Recoll: Indexing performance and index sizes

The time needed to index a given set of documents, and the resulting index size depend of many factors, such as file size and proportion of actual text content for the index size, cpu speed, available memory, average file size and format for the speed of indexing.

We try here to give a number of reference points which can be used to roughly estimate the resources needed to create and store an index. Obviously, your data set will never fit one of the samples, so the results cannot be exactly predicted.

The following very old data was obtained on a machine with a 1800 Mhz AMD Duron CPU, 768Mb of Ram, and a 7200 RPM 160 GBytes IDE disk, running Suse 10.1. More recent data follows.

recollindex (version 1.8.2 with xapian 1.0.0) is executed with the default flush threshold value. The process memory usage is the one given by ps

Data Data size Indexing time Index size Peak process memory usage
Random pdfs harvested on Google 1.7 GB, 3564 files 27 mn 230 MB 225 MB
Ietf mailing list archive 211 MB, 44,000 messages 8 mn 350 MB 90 MB
Partial Wikipedia dump 15 GB, one million files 6H30 10 GB 324 MB
Random pdfs harvested on Google
Recoll 1.9, idxflushmb set to 10
1.7 GB, 3564 files 25 mn 262 MB 65 MB

Notice how the index size for the mail archive is bigger than the data size. Myriads of small pure text documents will do this. The factor of expansion would be even much worse with compressed folders of course (the test was on uncompressed data).

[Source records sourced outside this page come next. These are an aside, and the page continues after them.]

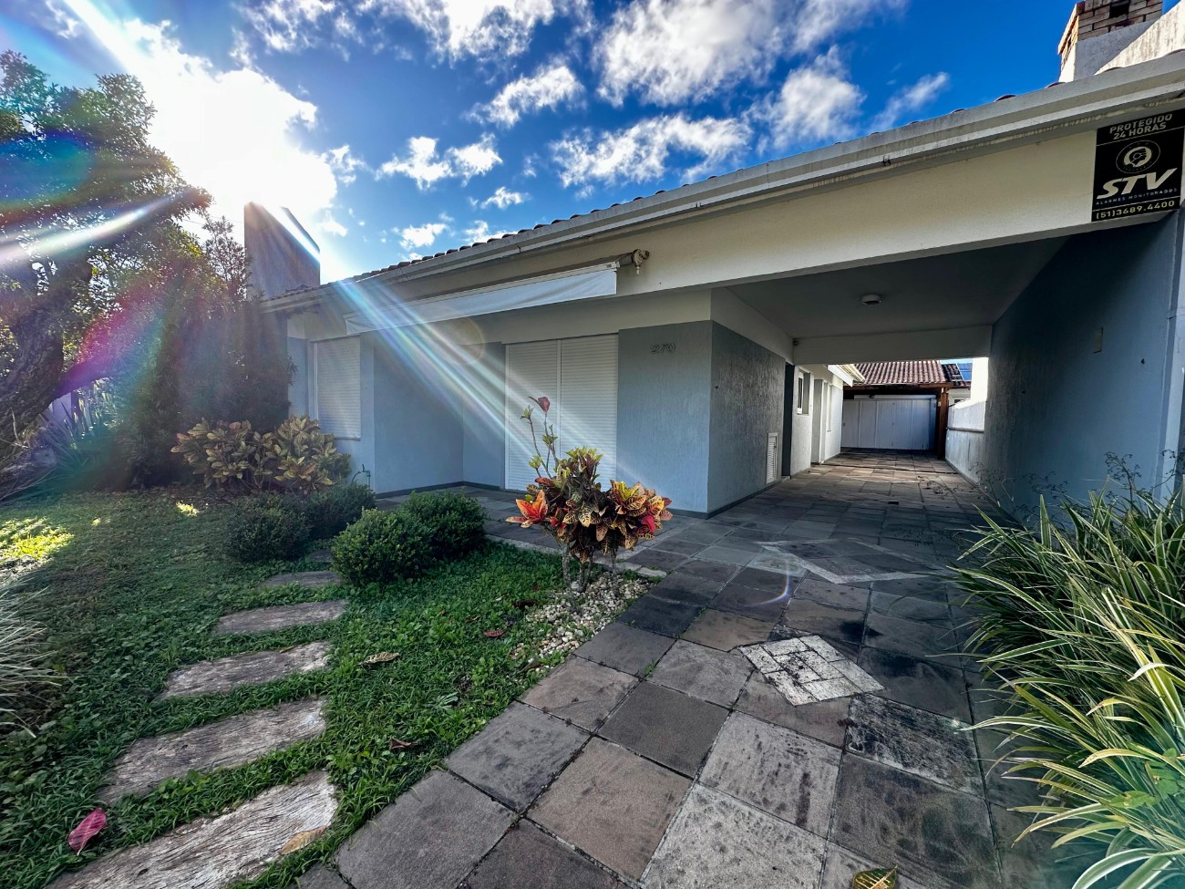 Casa com 245m², com 4 dormitórios+ uma suíte externa para hóspedes, amplo living para 2 ambientes com lareira, cozinha separada, área de estar externa para o verão, anexo com salão de festas. Abrigo coberto e garagem fechada.
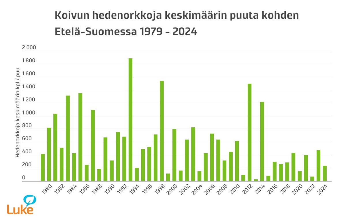 Hedenorkkolaskennan perusteella koivun kukinta tulee olemaan allergikkojen kannalta selvästi viimevuotista helpompi, joskaan ei aivan pölytön. Norkkojen keskimääräinen lukumäärä Etelä-Suomen koivuissa on vain noin puolet viime kevääseen verrattuna. Kukinnan määrään ei ole ennustettavissa merkittäviä alueellisia eroja, mutta havaintopaikkojen välillä esiintyy kasvupaikan olosuhteista johtuvaa vaihtelua kautta Suomen.
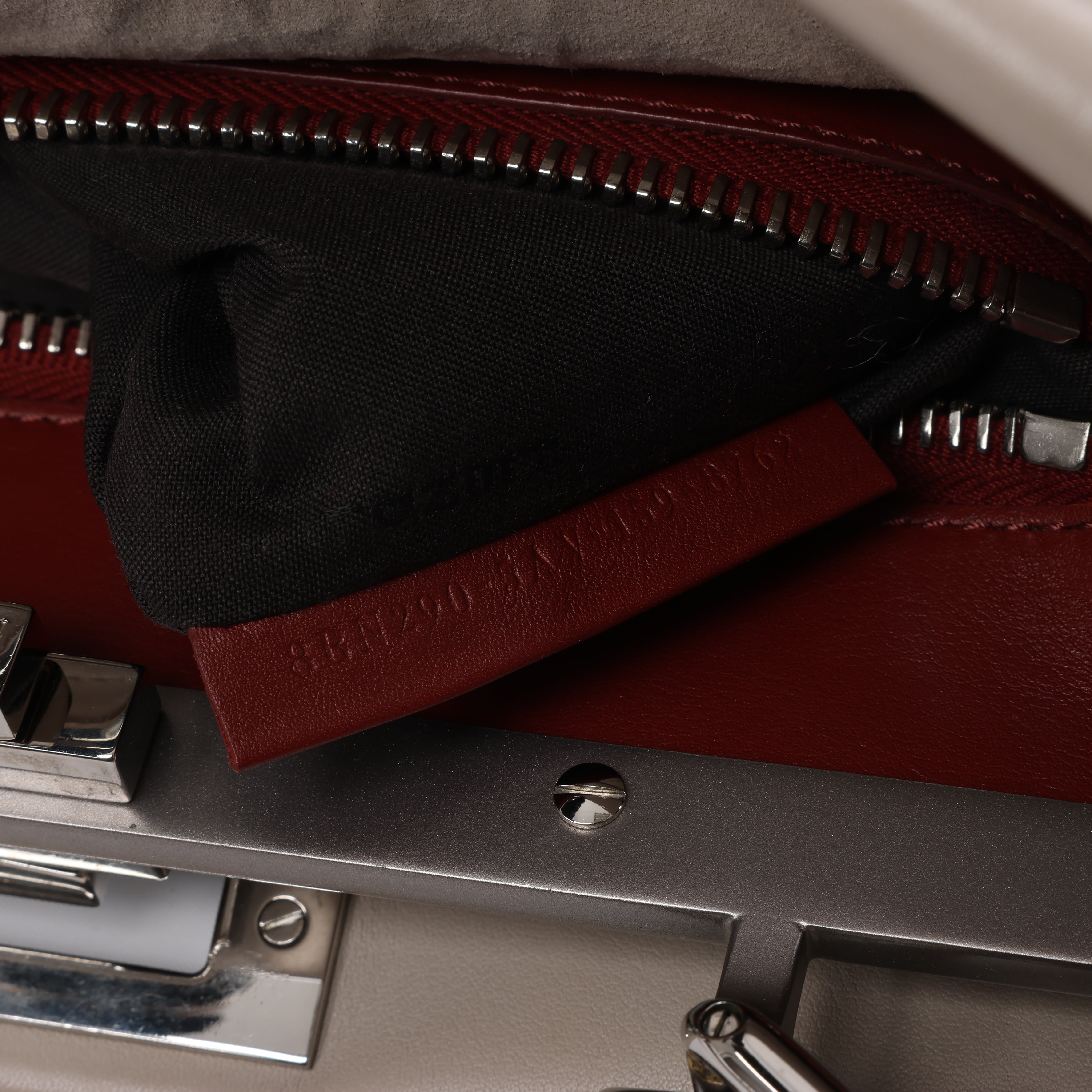 Brand: Fendi Model: Peekaboo Size: RegularWidth: 34.5 cmHeight: 23 cmExterior Condition: ExcellentInterior Condition: ExcellentCondition Details: The exterior leather remains very good condition with light stains. The handle is clean and in good condition. The hardware is bright and crisp. The interior is clean and in excellent condition.Colour: Grey (Yellow glazing)Interior Colour: Grey, BordoHardware Colour: SilverMaterial: LeatherComes With: Shoulder strap, dustbag

The last test was performed with Recoll 1.9.0 which has an ajustable flush threshold (idxflushmb parameter), here set to 10 MB. Notice the much lower peak memory usage, with no performance degradation. The resulting index is bigger though, the exact reason is not known to me, possibly because of additional fragmentation

There is more recent performance data (2012) at the end of the article about converting Recoll indexing to multithreading

Update, March 2016: I took another sample of PDF performance data on a more modern machine, with Recoll multithreading turned on. The machine has an Intel Core I7-4770T Cpu, which has 4 physical cores, and supports hyper-threading for a total of 8 threads, 8 GBytes of RAM, and SSD storage (incidentally the PC is fanless, this is not a "beast" computer).

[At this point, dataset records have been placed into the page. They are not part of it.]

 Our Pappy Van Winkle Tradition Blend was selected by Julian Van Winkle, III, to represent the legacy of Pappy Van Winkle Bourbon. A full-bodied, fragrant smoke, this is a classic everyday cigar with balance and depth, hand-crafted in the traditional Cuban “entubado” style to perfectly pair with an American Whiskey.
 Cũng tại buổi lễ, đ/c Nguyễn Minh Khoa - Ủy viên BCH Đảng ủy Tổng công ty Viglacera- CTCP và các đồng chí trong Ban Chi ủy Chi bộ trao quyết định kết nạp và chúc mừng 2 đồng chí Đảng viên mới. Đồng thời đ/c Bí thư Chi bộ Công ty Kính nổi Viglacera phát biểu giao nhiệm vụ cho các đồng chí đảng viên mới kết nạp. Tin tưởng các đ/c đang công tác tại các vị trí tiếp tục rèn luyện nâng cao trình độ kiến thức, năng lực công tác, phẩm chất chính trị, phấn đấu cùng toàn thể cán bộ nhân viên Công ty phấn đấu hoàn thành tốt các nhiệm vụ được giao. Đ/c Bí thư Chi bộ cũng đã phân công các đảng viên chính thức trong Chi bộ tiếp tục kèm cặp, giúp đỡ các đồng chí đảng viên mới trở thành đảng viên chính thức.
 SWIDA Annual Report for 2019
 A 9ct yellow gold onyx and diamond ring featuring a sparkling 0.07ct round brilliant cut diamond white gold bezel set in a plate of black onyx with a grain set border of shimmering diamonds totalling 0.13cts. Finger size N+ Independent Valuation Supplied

Data Data size Indexing time Index size Peak process memory usage
Random pdfs harvested on Google
Recoll 1.21.5, idxflushmb set to 200, thread parameters 6/4/1
11 GB, 5320 files 3 mn 15 S 400 MB 545 MB

The indexing process used 21 mn of CPU during these 3mn15 of real time, we are not letting these cores stay idle much... The improvement compared to the numbers above is quite spectacular (a factor of 11, approximately), mostly due to the multiprocessing, but also to the faster CPU and the SSD storage. Note that the peak memory value is for the recollindex process, and does not take into account the multiple Python and pdftotext instances (which are relatively small but things add up...).

Improving indexing performance with hardware:

I think that the following multi-step approach has a good chance to improve performance:

At some point, the index writing may become the bottleneck. As far as I can think, the only possible approach then is to partition the index.